Thomson knew from his experience on Cape York that a police action following killings would only provoke violence. Whereas going in alone and given time to establish himself, he could prove capable of taking Aboriginal murderers to court where the justification for their killing a Japanese fishing crew might be tested. In a sense, the Travis character in ‘High Ground‘ (Simon Baker from ‘The Mentalist‘ TV series, and director of ‘Breath‘) is part-Thomson. For he’s reluctantly involved in a police action that turns into a massacre, and then goes freelance.

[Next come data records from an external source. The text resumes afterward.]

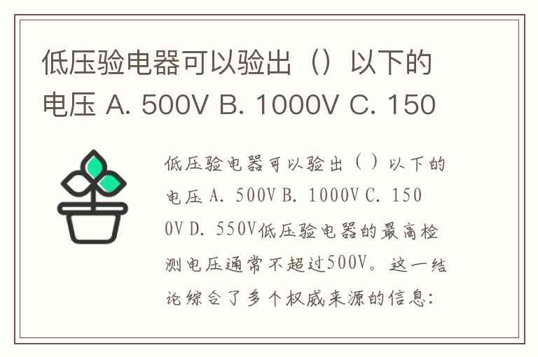 低压验电器可以验出()以下的电压 A. 500V B. 1000V C. 1500V D. 550V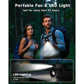 - ?Essencial para acampamento?Este pequeno ventilador externo portátil com uma luz LED e SOS garante visibilidade e segurança à noite. O design compacto e leve permite que seja facilmente colocado em uma mochila ou preso a um cinto, mantendo suas mãos livres durante atividades ao ar livre. Perfeito para caminhadas, pesca ou trabalho ao ar livre, este ventilador de cintura ao ar livre mantém você fresco e confortável do amanhecer ao anoitecer.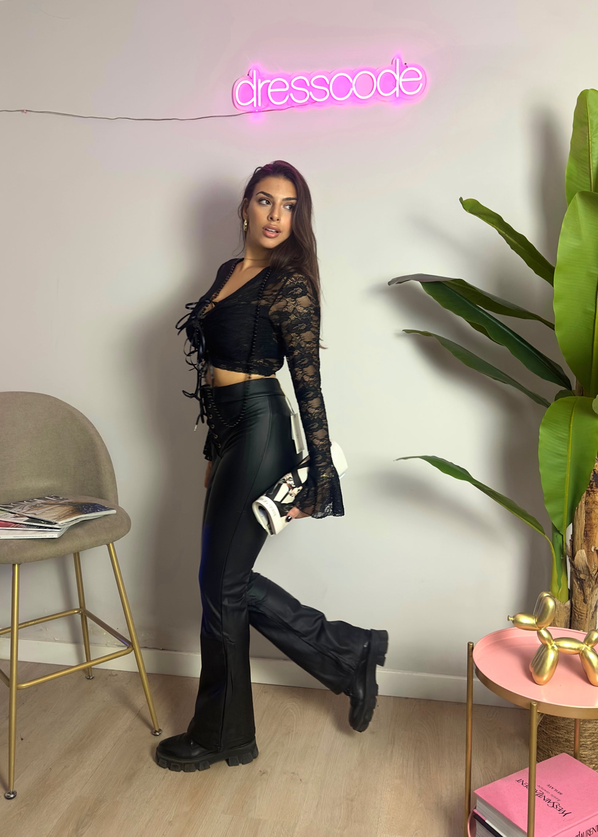 Pantalone a zampa con vita alta in ecopelle.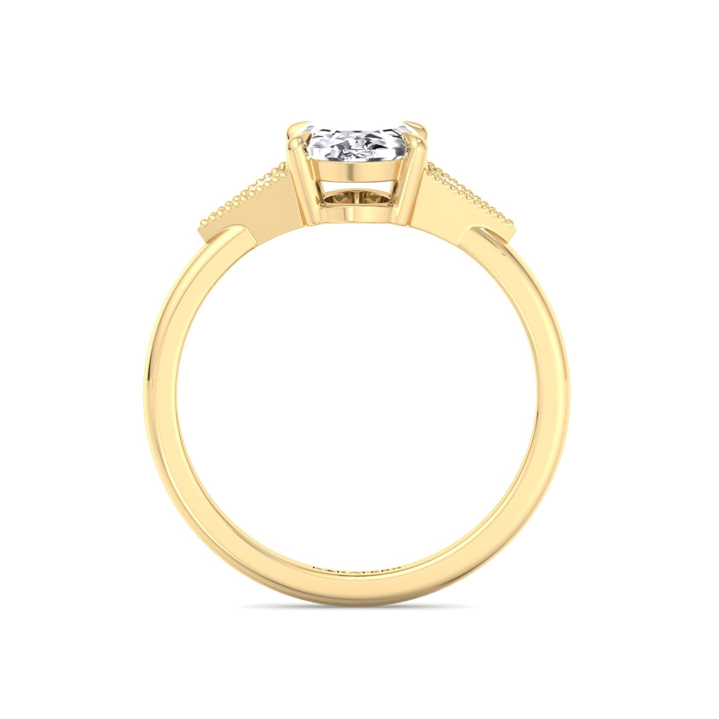 With its distinctive combination of shapes and vintage details, this ring blends timeless elegance with a unique artistry that stands out from classic solitaire styles.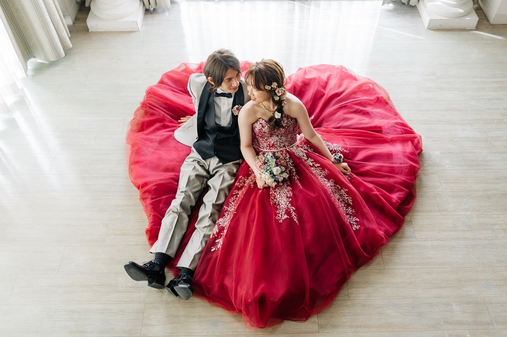 今回はルビーレッド色のカラードレスをご紹介いたしました。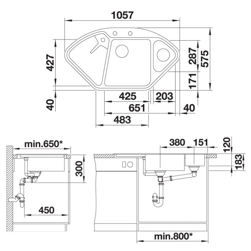 Мойка для кухни Blanco DELTA II-F SILGRANIT клапан-автомат темная скала 523671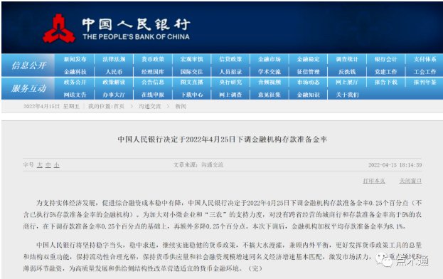 央行決定于2022年4月25日下調(diào)金融機(jī)構(gòu)存款準(zhǔn)備金率0.25個(gè)百分點(diǎn)(不含已執(zhí)行5%存款準(zhǔn)備金率的金融機(jī)構(gòu))。為加大對(duì)小微企業(yè)和“三農(nóng)”的支持力度,對(duì)沒有跨省經(jīng)營的城商行和存款準(zhǔn)備金率高于5%的農(nóng)商行,在下調(diào)存款準(zhǔn)備金率0.25個(gè)百分點(diǎn)的基礎(chǔ)上,再額外多降0.25個(gè)百分點(diǎn)。本次下調(diào)后,金融機(jī)構(gòu)加權(quán)平均存款準(zhǔn)備金率為8.1%。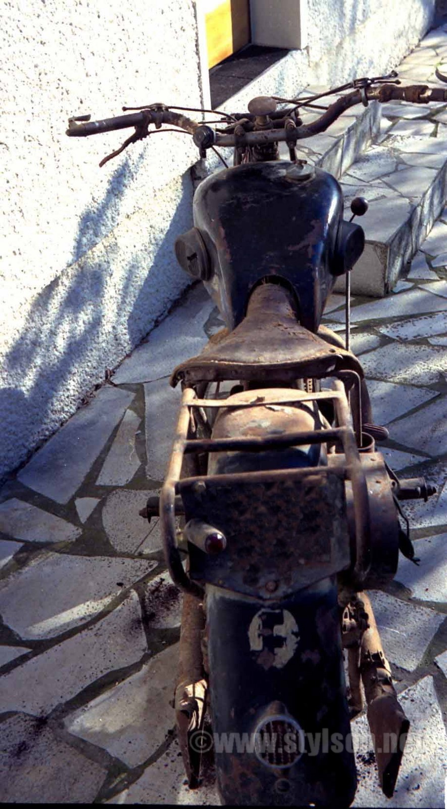 Vue arrière de la 250 RD, les tubes sont en miettes, et la moto perd de la rouille à chaque mise en béquille.

Travis was a sniper in the 1st World War, where he worked with the distinctly blacker whitefella, Ambrose, played with a bristling moustache by Callan Mulvey. As Ambrose explains at one point, the sniper is the ‘nice’ fellow; the spotter picks the target and then ensures the kill is successful. White and Black. But it’s no coincidence that ‘High Ground‘ has chosen the same sorts of characters and the same post-War period as Warwick Thornton’s ‘Sweet Country‘. It’s first contact time and the whitefellas can be understandably played as PTSD victims from the War.

There’s no excuse, though for Jack Thompson’s ‘conquest not settlement’ boss cop. Playing deliciously against type, Thompson has Machiavellian plans for both Travis and the Arnhemlanders. And the most memorable scene in the film is the encounter of Black and White law as Thompson relies on the royal insignia on his pith helmet to try to browbeat Witiyana Marika’s Dharrpa “ who has his own powerful talisman in the sacred dilly bag that fellow Yolngu elders permitted him to bear publicly for this film.

Both sides call for action in the name of justice. But Dharrpa wins the argument by pointing out that his people have never had justice for the massacre 12 years earlier. Unfortunately, he doesn’t control his nephew, Baywara (Sean Mununggurr) who’s leading his own revenge action, driven on by the implacable woman warrior, Gulwirri, given plenty of justification and splendidly portrayed by Esmerelda Marimowa.

She’s part of the Gunwinjku mob from the west, custodians of the Kakadu Park where so much fantastic scenery is captured by cinematographer Andrew Commis “ giving the NT Government full value for its $400,000 investment. And the strength of the Gunwinjku mob is assisted by the central appearance of Jacob Junior Nayinggul, as Gutjuk, a babe rescued from the 1919 massacre, brought up in the East Alligator River Mission, but eventually regathered by his tribal people.

Oddly, I was writing about his grandfather Jacob Nayinggul recently as one of the informants for the book about Paddy Compass Namadbara. Jacob Senior was taken under the super cleverman’s wing early to become a community leader and Manilakarra clan boss. ‘High Ground’ has serious Arnhem connections.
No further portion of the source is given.